By ZEINAB NAJM
DEARBORN — Three Tim Hortons employees, two recently fired and one relocated, filed a federal discrimination complaint against the store’s management for use of racial slurs and for being paid below minimum wage.
During a press conference Dec. 18 in Detroit, Attorney Nabih Ayad said each of the three African American employees filed complaints with Equal Employment Opportunity Commission Detroit Field Office.
The three employees involved in the complaints are Tim Hortons supervisor of three years John Munningham, head baker at Tim Hortons for 18 years Francis Martin and her daughter Sharneisha Martin who was a new employee trainer at Tim Hortons for four years.
Mother and daughter were fired from the Tim Hortons, 10401 Ford Road on Oct. 24 and Nov. 14, respectively, while Munningham was removed from the schedule and transferred to Tim Hortons, 24921 Ford Road a few weeks later.
Francis Martin said she was fired when she tried to resign for not receiving a raise, Sharneisha Martin said she was fired following an argument with a customer who called her an “animal,” and Munningham said discrimination was still taking place at the new Tim Hortons restaurant to which he was transferred.
“When a customer called me an animal and the manager yelled at me, I said, ‘It’s OK for a customer to call me an animal? And she said yeah, because I’m black,” Sharneisha Martin said.
Her mother called the Tim Hortons location she worked at “degrading.”
“That was the most degrading place that I have ever worked at, but I had to keep my job because of my family,” she said. “It’s not easy getting a job so I had to go where it was convenient for me. It just all built up. It’s degrading.”
She also said that when it was time for her to get a raise, the management at the Ford Road and Wyoming location told her she should “go to the crack house and sell drugs.”

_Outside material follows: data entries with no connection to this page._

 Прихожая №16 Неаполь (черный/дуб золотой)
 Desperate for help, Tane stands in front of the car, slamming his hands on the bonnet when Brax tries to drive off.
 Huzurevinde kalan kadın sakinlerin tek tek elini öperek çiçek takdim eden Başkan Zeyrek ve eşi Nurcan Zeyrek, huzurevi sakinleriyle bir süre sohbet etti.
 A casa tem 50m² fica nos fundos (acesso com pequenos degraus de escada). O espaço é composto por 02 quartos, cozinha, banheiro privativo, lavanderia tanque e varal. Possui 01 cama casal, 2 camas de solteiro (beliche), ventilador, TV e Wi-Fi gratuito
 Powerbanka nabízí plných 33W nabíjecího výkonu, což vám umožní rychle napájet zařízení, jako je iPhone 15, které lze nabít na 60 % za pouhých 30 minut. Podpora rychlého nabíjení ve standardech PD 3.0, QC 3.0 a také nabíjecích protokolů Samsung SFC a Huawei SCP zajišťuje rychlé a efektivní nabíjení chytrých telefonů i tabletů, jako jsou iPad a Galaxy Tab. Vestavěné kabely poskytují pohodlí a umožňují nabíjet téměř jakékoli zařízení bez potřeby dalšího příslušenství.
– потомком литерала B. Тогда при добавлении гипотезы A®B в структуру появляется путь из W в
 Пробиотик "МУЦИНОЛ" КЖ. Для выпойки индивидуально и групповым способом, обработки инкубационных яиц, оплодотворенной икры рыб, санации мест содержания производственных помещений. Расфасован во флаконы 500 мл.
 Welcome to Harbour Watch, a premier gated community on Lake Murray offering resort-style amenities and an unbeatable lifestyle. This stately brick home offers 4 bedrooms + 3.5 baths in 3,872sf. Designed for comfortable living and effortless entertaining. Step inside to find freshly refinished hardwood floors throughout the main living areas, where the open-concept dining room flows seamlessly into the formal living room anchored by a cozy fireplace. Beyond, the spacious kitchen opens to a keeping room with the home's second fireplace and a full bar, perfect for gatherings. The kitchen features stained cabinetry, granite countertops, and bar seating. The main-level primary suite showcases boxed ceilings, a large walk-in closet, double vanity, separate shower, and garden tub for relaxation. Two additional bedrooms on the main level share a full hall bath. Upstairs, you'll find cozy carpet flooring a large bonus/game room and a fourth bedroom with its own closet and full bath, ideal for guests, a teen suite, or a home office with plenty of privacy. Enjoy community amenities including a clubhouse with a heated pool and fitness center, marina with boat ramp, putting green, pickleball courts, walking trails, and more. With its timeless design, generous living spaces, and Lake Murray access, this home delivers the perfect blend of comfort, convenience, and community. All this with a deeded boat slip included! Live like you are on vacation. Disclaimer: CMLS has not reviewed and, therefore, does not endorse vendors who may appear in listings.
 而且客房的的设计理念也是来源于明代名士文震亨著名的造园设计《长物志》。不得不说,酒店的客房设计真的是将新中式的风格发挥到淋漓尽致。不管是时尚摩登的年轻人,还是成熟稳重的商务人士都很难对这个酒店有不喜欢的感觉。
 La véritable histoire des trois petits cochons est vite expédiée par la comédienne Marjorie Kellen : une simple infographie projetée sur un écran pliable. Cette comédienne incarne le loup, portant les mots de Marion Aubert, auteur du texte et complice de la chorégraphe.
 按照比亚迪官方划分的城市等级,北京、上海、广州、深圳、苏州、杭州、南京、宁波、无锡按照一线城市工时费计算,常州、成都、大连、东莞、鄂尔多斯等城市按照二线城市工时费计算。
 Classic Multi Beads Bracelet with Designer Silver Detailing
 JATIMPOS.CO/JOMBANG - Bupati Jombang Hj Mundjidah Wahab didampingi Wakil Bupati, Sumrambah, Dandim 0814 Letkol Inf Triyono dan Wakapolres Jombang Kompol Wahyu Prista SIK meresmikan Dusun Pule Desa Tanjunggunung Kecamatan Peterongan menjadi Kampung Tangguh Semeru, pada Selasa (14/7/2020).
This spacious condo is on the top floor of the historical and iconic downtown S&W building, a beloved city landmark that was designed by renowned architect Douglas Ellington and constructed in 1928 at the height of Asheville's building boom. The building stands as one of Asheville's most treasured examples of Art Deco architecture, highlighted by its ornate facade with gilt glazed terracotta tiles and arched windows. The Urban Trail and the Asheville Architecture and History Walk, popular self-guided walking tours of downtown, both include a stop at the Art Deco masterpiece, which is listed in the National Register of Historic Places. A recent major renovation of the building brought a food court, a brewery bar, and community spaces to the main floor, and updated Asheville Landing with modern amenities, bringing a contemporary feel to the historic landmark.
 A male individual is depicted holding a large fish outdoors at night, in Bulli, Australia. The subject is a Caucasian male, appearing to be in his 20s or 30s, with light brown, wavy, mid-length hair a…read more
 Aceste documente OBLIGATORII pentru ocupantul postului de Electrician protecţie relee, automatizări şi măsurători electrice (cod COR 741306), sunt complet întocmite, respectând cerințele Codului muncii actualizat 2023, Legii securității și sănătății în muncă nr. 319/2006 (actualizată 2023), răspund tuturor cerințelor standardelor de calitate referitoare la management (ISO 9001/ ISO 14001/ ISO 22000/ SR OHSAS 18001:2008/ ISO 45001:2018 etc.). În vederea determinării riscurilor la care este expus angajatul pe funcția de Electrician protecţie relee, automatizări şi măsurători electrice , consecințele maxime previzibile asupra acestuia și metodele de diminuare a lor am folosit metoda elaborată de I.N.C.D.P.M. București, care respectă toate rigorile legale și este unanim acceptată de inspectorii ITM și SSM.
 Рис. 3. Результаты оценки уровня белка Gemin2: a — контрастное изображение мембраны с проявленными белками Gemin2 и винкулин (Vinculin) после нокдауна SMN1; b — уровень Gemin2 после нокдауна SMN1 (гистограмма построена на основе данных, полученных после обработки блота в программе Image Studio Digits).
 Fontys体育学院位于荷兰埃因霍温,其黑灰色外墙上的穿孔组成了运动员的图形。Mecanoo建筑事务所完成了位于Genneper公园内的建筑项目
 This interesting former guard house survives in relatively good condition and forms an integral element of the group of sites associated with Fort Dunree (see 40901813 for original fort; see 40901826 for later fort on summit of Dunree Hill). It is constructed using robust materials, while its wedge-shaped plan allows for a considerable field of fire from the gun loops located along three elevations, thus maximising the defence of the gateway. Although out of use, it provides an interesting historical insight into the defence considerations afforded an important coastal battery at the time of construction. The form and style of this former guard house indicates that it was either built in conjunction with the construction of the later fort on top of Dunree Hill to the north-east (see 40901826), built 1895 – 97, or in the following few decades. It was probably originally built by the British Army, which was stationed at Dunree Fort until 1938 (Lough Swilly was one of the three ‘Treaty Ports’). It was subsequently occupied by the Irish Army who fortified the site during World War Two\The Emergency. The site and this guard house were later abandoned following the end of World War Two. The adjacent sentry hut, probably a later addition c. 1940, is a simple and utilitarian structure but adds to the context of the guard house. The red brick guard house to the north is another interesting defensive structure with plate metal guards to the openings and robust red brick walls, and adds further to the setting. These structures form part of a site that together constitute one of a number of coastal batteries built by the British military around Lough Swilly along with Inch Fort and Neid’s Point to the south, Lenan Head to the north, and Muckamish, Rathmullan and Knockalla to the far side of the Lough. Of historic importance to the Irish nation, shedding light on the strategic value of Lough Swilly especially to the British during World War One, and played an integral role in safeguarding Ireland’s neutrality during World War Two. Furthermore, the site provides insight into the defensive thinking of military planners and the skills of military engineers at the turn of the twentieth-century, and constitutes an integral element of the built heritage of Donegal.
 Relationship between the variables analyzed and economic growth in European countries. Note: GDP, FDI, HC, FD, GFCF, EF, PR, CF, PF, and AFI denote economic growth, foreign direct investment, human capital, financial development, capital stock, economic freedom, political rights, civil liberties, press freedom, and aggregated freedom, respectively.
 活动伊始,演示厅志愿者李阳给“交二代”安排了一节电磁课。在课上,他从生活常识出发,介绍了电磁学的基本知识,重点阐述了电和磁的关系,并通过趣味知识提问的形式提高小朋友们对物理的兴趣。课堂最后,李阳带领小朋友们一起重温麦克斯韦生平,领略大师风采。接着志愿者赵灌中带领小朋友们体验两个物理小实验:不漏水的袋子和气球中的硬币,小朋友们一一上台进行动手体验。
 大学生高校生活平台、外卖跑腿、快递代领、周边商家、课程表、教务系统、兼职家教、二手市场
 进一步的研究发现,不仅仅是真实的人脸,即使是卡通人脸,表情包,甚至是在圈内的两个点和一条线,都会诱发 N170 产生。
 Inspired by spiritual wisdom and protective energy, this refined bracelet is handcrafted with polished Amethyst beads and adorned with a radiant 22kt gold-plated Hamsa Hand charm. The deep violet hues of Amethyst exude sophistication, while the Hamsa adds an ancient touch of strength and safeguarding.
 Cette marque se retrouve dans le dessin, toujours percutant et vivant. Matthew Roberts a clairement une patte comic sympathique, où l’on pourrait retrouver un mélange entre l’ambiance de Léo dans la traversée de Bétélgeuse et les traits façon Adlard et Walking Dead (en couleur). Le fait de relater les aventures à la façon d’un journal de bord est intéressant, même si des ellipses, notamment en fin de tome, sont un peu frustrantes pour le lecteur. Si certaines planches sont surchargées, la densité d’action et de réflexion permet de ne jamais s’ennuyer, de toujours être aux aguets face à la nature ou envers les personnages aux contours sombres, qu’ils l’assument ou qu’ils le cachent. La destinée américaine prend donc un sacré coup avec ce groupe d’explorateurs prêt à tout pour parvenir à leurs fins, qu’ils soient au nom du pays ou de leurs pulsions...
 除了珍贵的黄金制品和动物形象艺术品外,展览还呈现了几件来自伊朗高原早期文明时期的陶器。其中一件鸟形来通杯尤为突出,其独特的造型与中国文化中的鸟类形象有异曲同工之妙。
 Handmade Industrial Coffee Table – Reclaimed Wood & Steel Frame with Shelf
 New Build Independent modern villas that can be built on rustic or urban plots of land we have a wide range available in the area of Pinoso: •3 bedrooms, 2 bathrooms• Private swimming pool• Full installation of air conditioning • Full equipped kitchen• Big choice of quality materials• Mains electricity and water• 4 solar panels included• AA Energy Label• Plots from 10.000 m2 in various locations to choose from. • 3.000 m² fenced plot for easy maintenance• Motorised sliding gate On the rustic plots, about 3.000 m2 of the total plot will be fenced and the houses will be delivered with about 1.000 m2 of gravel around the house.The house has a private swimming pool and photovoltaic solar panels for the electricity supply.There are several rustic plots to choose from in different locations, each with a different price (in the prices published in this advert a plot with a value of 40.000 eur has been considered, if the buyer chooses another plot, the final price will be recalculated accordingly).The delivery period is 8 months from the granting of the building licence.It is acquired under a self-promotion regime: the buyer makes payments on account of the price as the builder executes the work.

Munningham said that a white female supervisor who began working at the same Tim Hortons location five months ago used racial slurs daily when she needed something lifted and brought down.
“She would say, ‘Come, let me use your n-word strength or your n-word height I need help’ and things like that,” he said. “It just made me feel like (explicit) basically. Like what am I here for? A piece of meat working, doing all your slave work?”
Ayad said the non-African American employees were receiving raises, given the easy work load and allowed to take sick days without question from management, while Sharneisha Martin, Francis Martin and Munningham had to go into work to show they were sick.
He added that if the Tim Hortons management or ownership do not address the issues and make changes to their “discriminatory practices” a federal lawsuit could be filed.
“Harassment of any kind is unacceptable and everyone has the right to live and work in environments free from harassment,” Tim Hortons told the Detroit News in response.